Говорят, будто реку нельзя покорить; говорят, что той ночью кто-то из крыс представился целителем, но вместо лекарства вложил в руку Последнего Короля яд. И когда Последний Король умер, остров сгинул вместе с ним.
Говорят, будто одна смерть не могла бы разрушить старое колдовство сама по себе; другое дело, что всё оно стояло на верности. Яд поднёс Последнему Королю не чужеземец и не крыса, но свой, колдун по Роду и духу, Сантос Сендагилея. Его предательство перечеркнуло собой всё то, что строили наши предки.
Ещё говорят, будто никакого яда не было, а позорное инакомыслие пустило корни в умах; чьё-то сердце разучилось стучать в такт, в чьём-то сознании зародилось предательство, и оттого старый мир рухнул.
Так или иначе, но Королевский остров мы зовём теперь Затонувшим, и всякий колдун плывёт к нему хотя бы однажды в жизни, чтобы вспомнить о долге перед своей кровью.
Я бывала там, конечно, тоже: нельзя быть Старшей, не склонив головы перед статуей Королевы. Мы плыли зимой, на огромном корабле: дети и взрослые, из больших Родов и из крошечных, — и все кутались в шубы и глядели, как команда умело режет заклинаниями лёд.
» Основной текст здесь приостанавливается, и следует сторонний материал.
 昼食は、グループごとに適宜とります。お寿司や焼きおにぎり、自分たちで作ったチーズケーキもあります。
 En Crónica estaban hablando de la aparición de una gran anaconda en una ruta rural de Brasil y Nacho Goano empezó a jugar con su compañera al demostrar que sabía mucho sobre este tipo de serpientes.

А потом лёд вдруг закончился, вычертив своими границами в чёрной воде идеально ровный круг, как будто кому-то пришло в голову обвести гигантский стакан, — и в самом центре мёртвой, тихой воды виднелся светлый бюст.
Издалека он казался крошечным. Но когда мы подошли, оказалось, что макушка женщины много выше корабельных мачт, а волны колдовского моря омывают каменную грудь.
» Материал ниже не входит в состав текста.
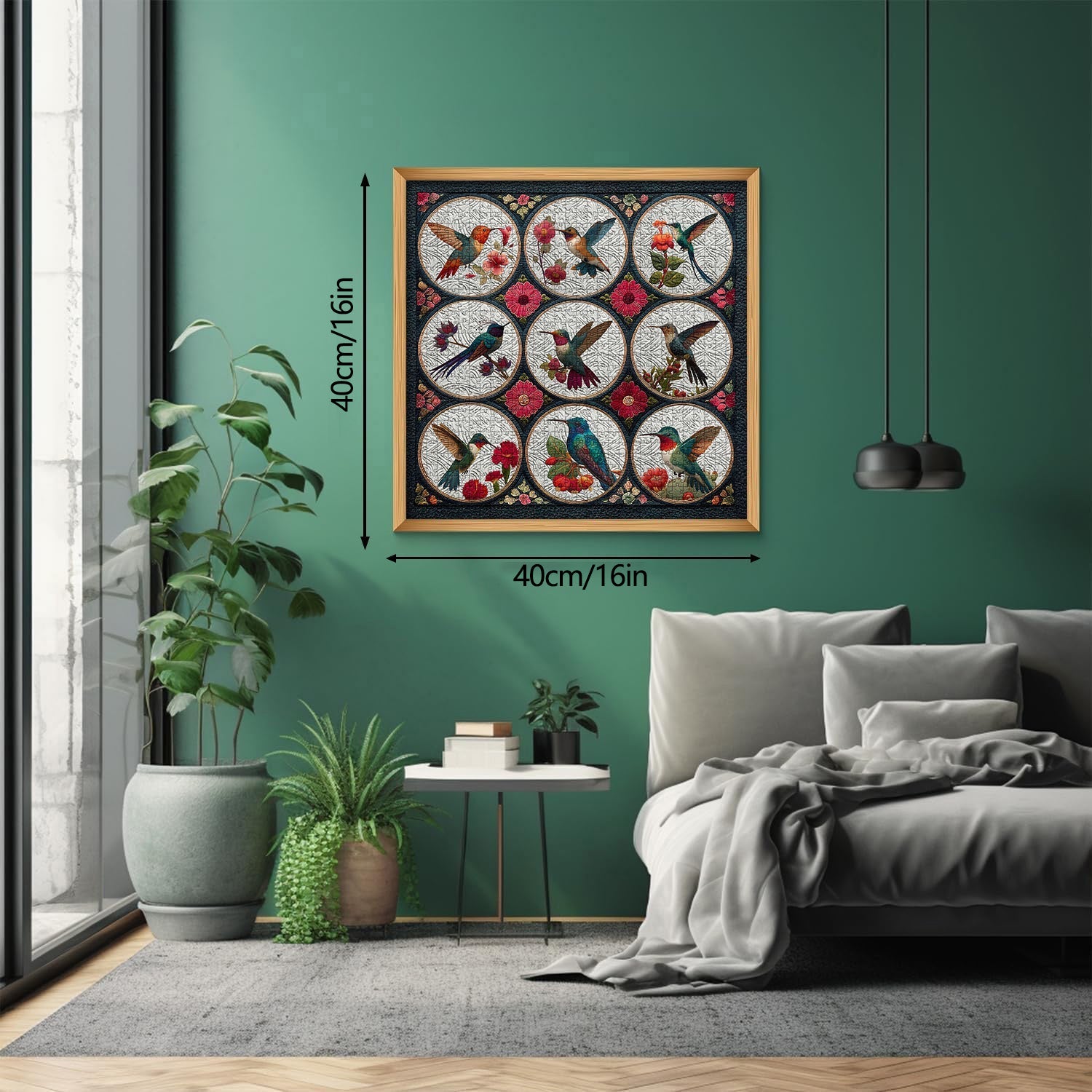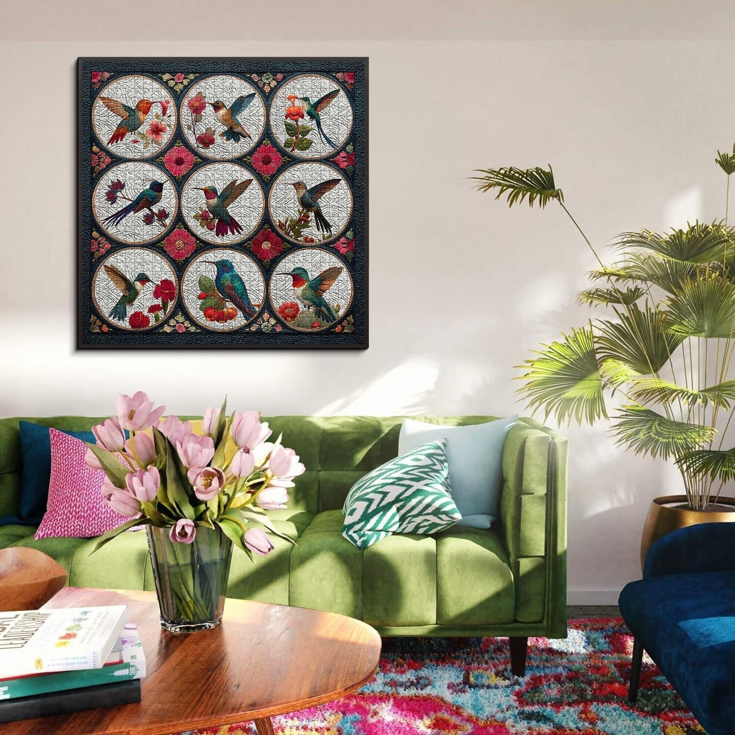 Border Design: Each circular panel containing a hummingbird and flowers is bordered with a delicate, golden trim that adds a touch of elegance.

День Королей — он об этом: о наших истоках; о старом предательстве; о единстве; о голосе крови, о долге и о колдовстве. Каждый год восьмого февраля, в годовщину падения Затонувшего острова, мы вспоминаем о том, откуда пришли.
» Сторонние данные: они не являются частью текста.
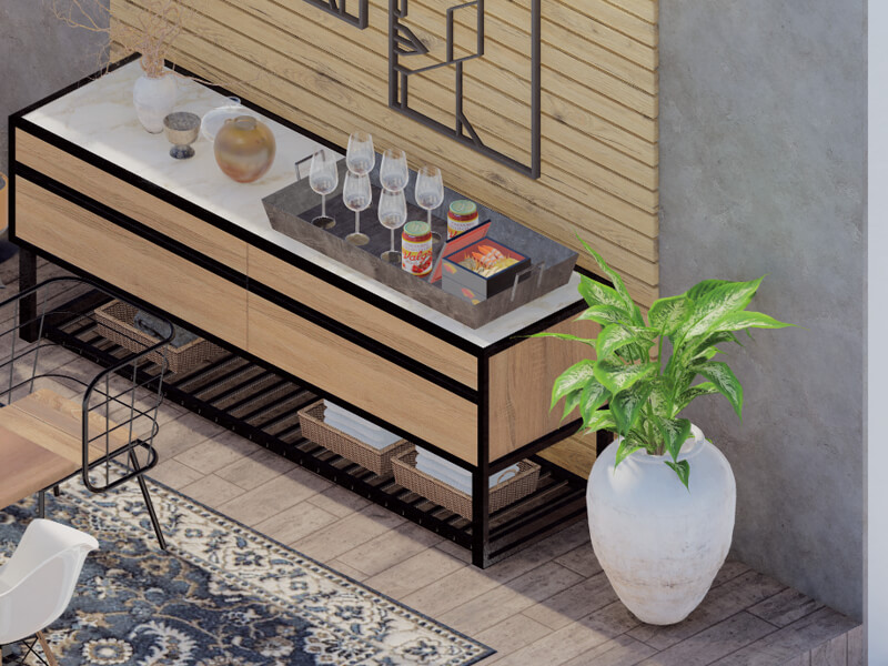 You can have the best of both worlds in your home with our industrial dining room design! This design is perfect for mixing old and new, rough and smooth, and metal and wood to create a vintage look that is never out of style. The old wood furniture and metal chairs create a unique industrial look that is both comfortable and stylish. The distressed wood and raw lighting fixtures add to the aesthetic and complete the look. This dining room is designed to make your dining experience more enjoyable. With its stylish design and comfortable atmosphere, you'll never want to leave!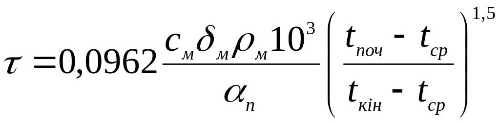 де τ – тривалість процесу охолодження, с ;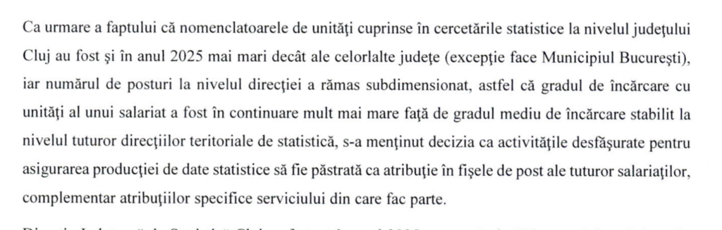Problema e că numărul de angajați nu a crescut pe măsură. Gradul mediu de încărcare a ajuns la 2.421 de unități per salariat în 2025 – în scădere față de 2.635 în 2024, dar tot mult peste media națională. Instituția a ales să mențină activitatea statistică ca atribuție a tuturor angajaților, indiferent de serviciul din care fac parte, pentru a face față volumului.

Но начался он для меня — как всякий другой день: с буйства горгулий, ловящих на лету сушёную мясную стружку, овсяной каши и переругивания дорогих родственников.
— Это позор, — сказала Меридит, умудряясь одновременно поджимать губы и растягивать слова на старый манер. — Позор! Настоящая Бишиг не должна…
— Да прекратите уже, — Мирчелла сморщила нос. — Ей двадцать лет, самый возраст!
— Если оголяться по поводу и без, можно плохо кончить. Например, как ты!
— Меридит! — это Бернард пытался призвать дам к порядку.
Мирчелла скорчила рожицу и высунула язык.
— А я считаю, она всё правильно делает! Молодой муж, а всё туда же, ведёт себя, как старый хрыч! Ужасно несправедливо. Но женщина должны быть мудрее, тоньше, и исподволь, исподволь…
— Могла бы и за закрытыми дверями!.. Ох, моя бедная бабушка переворачивается в гробу! Ах, если бы это только видел наш драгоценный отец!.. Какой позор, какой позор!..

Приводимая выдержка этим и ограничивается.